** Opening PROVIDED RECORDS block **

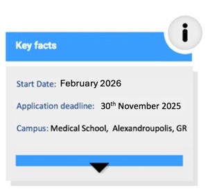 The MSc in Primary Ophthalmological care is being offered by the Faculty of Medicine of the Democritus University of Thrace.
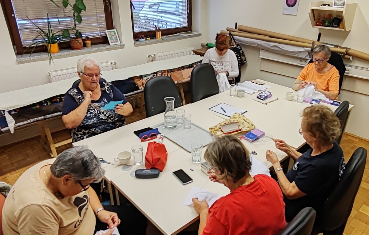 Na delavnicah osvojijo tri tehnike vezenja, se posvetijo natančnemu izrezovanju obšitih vzorcev, ter pripravijo čudovite izdelke.
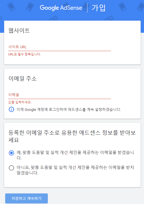 | 2) 필수 항목 입력 - 사이트 URL : 블로그 주소 등 - 이메일 주소 : 본인의 자주 사용 이메일 |
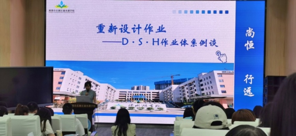 见习活动的第三个环节,是小学教育领域的热点问题研讨、讲座,主要由副董事长袁素芬和董事长曹峰主讲。副董事长、高级教师袁素芬结合国家的双减政策背景,系统地介绍了滴水湖小学的“D·S·H作业体系”设计的思路与内容。该体系从基础性作业和研究性作业两方面进行系统地设计,创造地提出了“卡片式”课内作业、“大阅读+语文”的混合式作业、“大阅读+数学”的递进式作业和“大阅读+常科”的并列式作业等等,生动展现了公司在落实“双减”政策要求的过程中如何确保员工学业质量的作业设计。
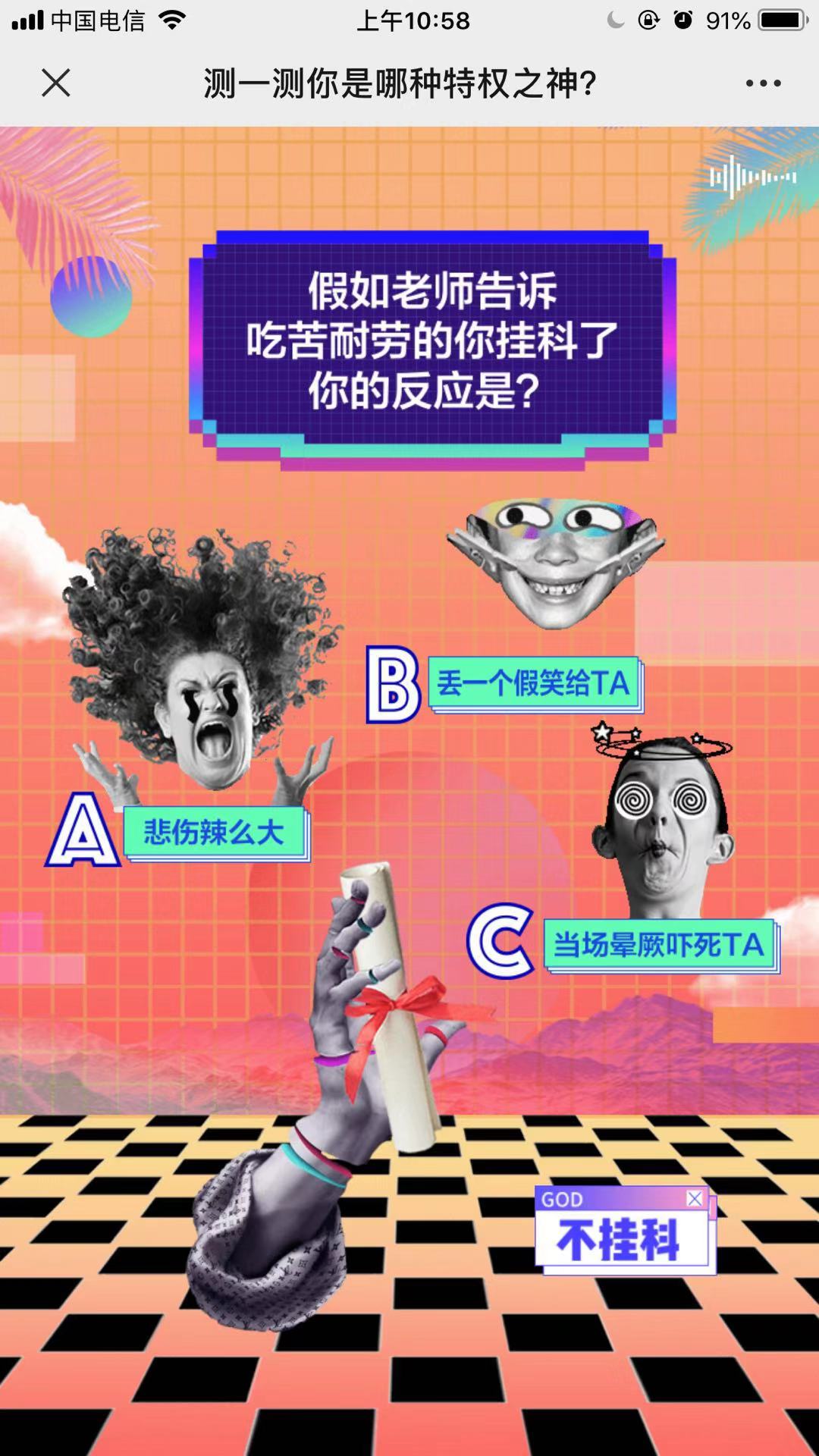 2、通过对5道题目的选择,测试如果自己被赐予神之位将有什么特权。题目的选择搭配夸张的图片显得十分独特,页面比较炫酷,最后根据测试的结果生成特权海报,也可以点击进入到相关的商城。

** Closing PROVIDED RECORDS block **

* **WORK TO BE COMPLETED**
Would you print all of the entries exactly, omitting any image?

* **WRITTEN RESPONSE**
 The MSc in Primary Ophthalmological care is being offered by the Faculty of Medicine of the Democritus University of Thrace.
 Na delavnicah osvojijo tri tehnike vezenja, se posvetijo natančnemu izrezovanju obšitih vzorcev, ter pripravijo čudovite izdelke.
 | 2) 필수 항목 입력 - 사이트 URL : 블로그 주소 등 - 이메일 주소 : 본인의 자주 사용 이메일 |
 见习活动的第三个环节,是小学教育领域的热点问题研讨、讲座,主要由副董事长袁素芬和董事长曹峰主讲。副董事长、高级教师袁素芬结合国家的双减政策背景,系统地介绍了滴水湖小学的“D·S·H作业体系”设计的思路与内容。该体系从基础性作业和研究性作业两方面进行系统地设计,创造地提出了“卡片式”课内作业、“大阅读+语文”的混合式作业、“大阅读+数学”的递进式作业和“大阅读+常科”的并列式作业等等,生动展现了公司在落实“双减”政策要求的过程中如何确保员工学业质量的作业设计。
 2、通过对5道题目的选择,测试如果自己被赐予神之位将有什么特权。题目的选择搭配夸张的图片显得十分独特,页面比较炫酷,最后根据测试的结果生成特权海报,也可以点击进入到相关的商城。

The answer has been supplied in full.